─── Source data ───
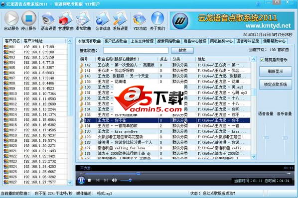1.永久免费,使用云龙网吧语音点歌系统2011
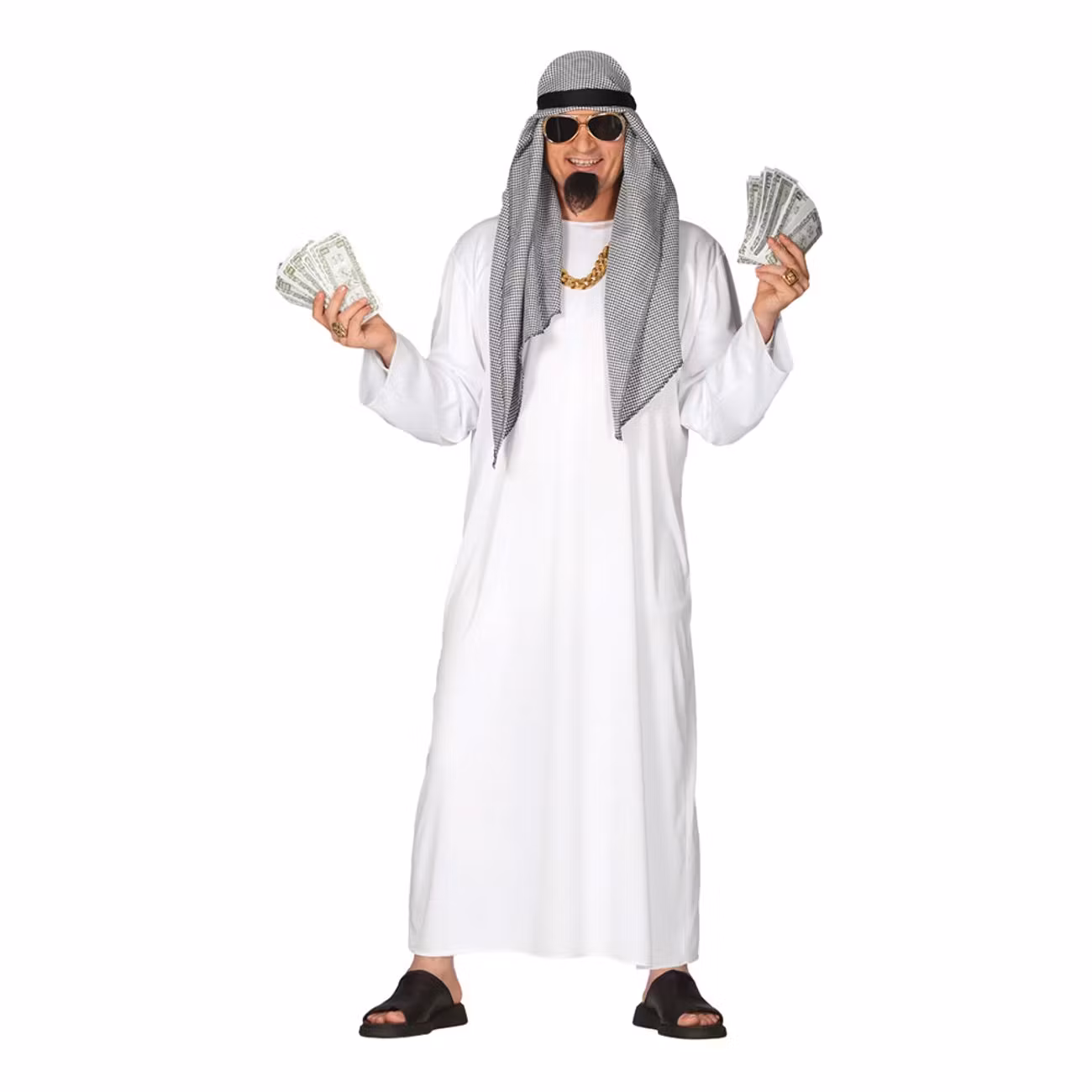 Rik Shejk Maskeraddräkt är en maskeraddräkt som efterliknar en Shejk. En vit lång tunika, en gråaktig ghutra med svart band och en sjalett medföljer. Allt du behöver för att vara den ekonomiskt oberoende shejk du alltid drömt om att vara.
───
─── Source data ───
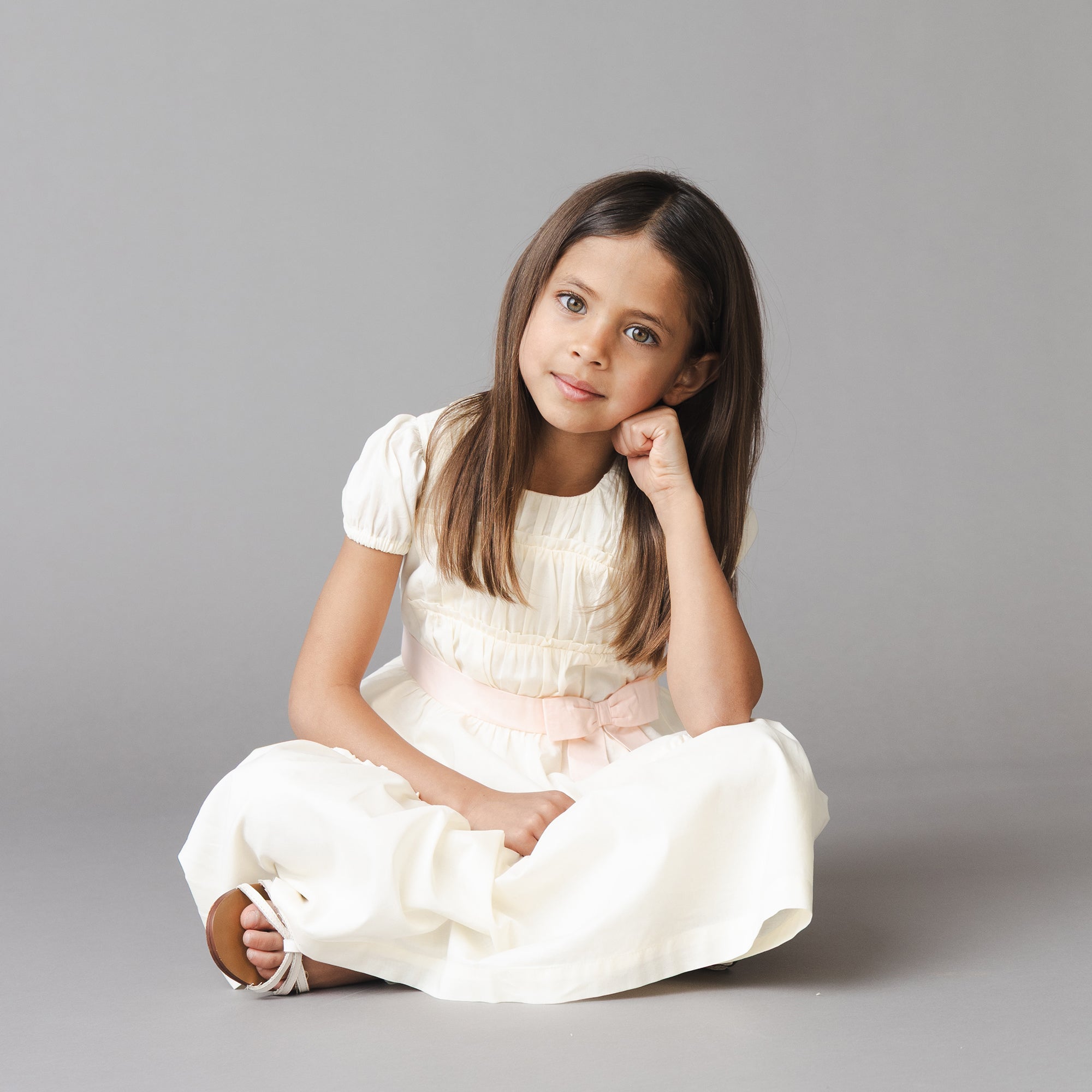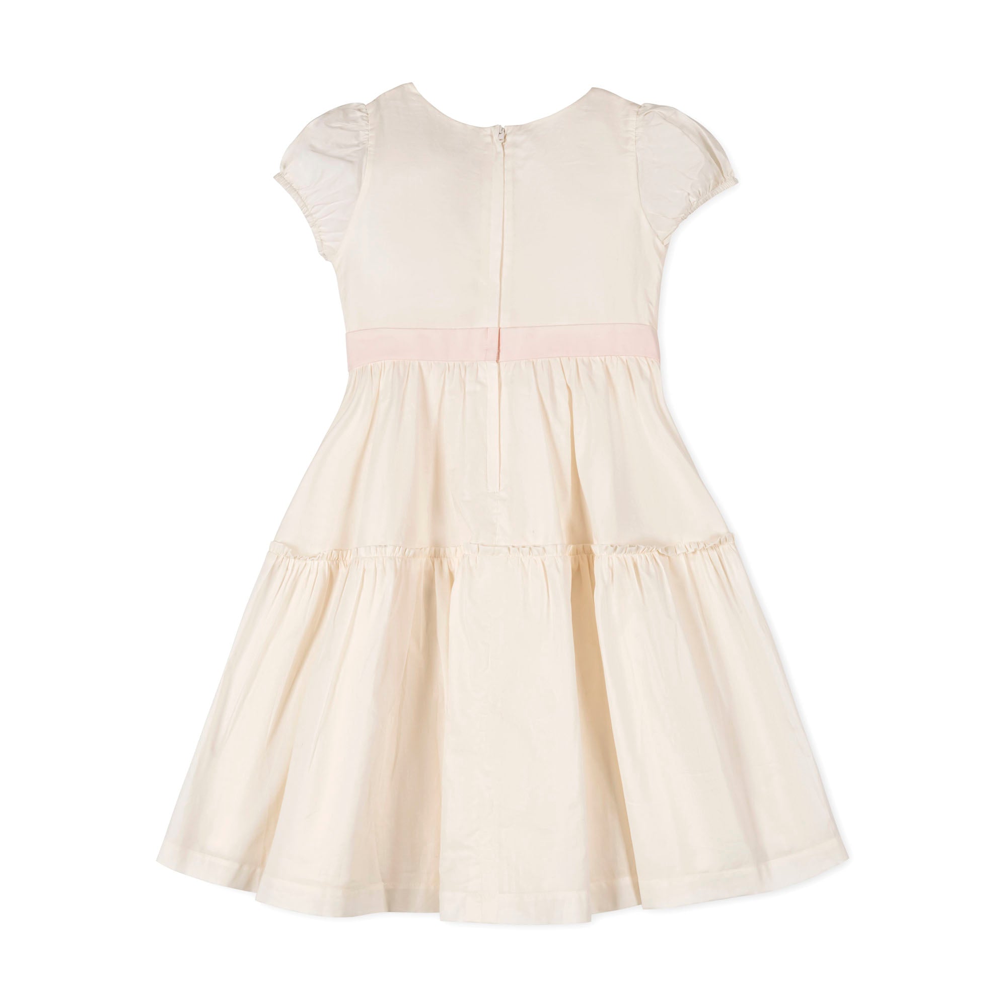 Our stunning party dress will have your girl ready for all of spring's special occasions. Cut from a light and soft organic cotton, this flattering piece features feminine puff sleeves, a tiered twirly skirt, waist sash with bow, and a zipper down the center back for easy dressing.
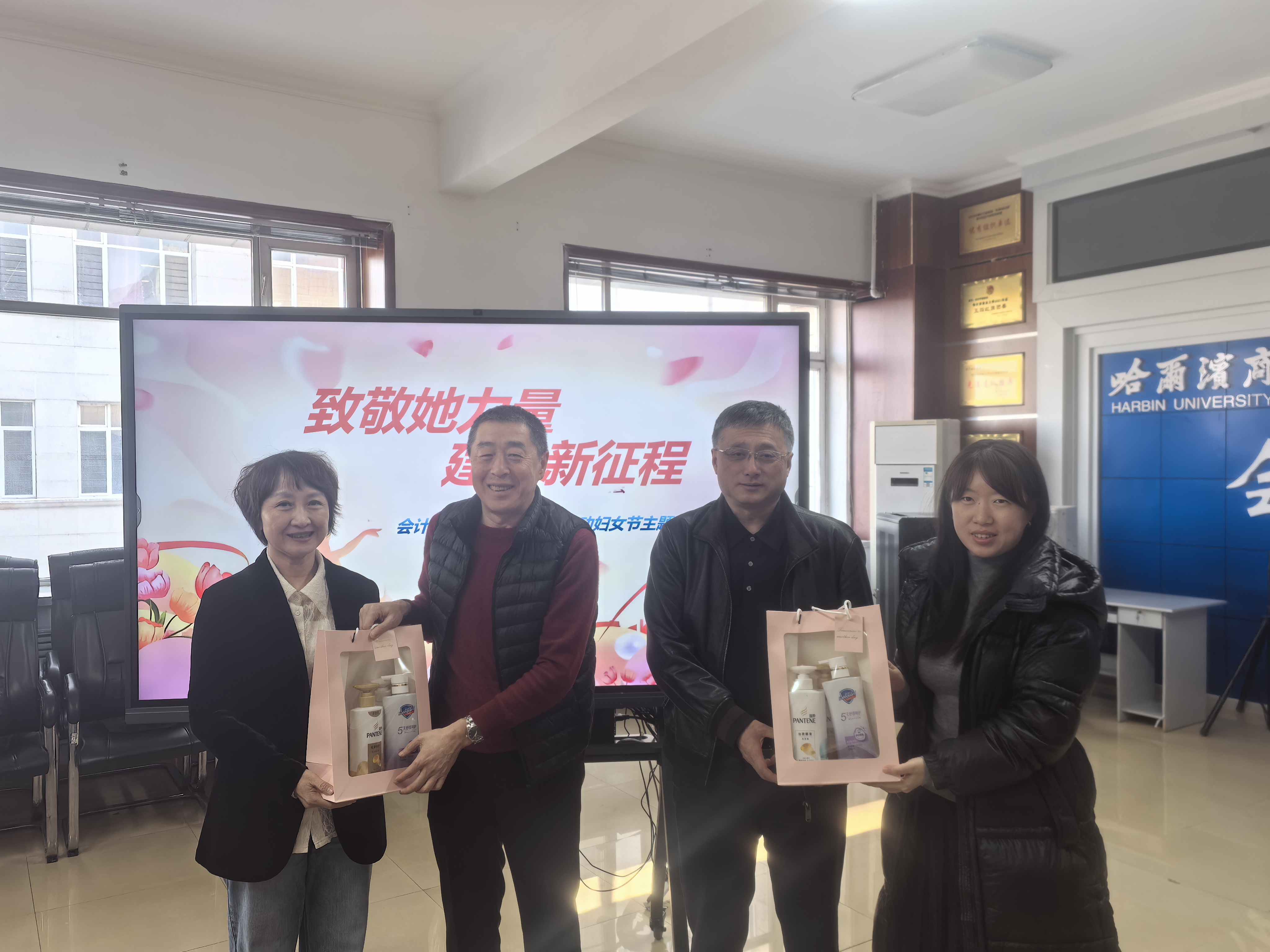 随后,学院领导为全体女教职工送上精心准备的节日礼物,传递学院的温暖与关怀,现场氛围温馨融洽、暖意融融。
───
Brief - Look above and copy only the lines from the one holding "1.永久免费,使用云龙网吧语音点歌系统2011" to the one holding "Rik Shejk Maskeraddräkt", both included, exactly, minus the pictures.

Output below -
1.永久免费,使用云龙网吧语音点歌系统2011
 Rik Shejk Maskeraddräkt är en maskeraddräkt som efterliknar en Shejk. En vit lång tunika, en gråaktig ghutra med svart band och en sjalett medföljer. Allt du behöver för att vara den ekonomiskt oberoende shejk du alltid drömt om att vara.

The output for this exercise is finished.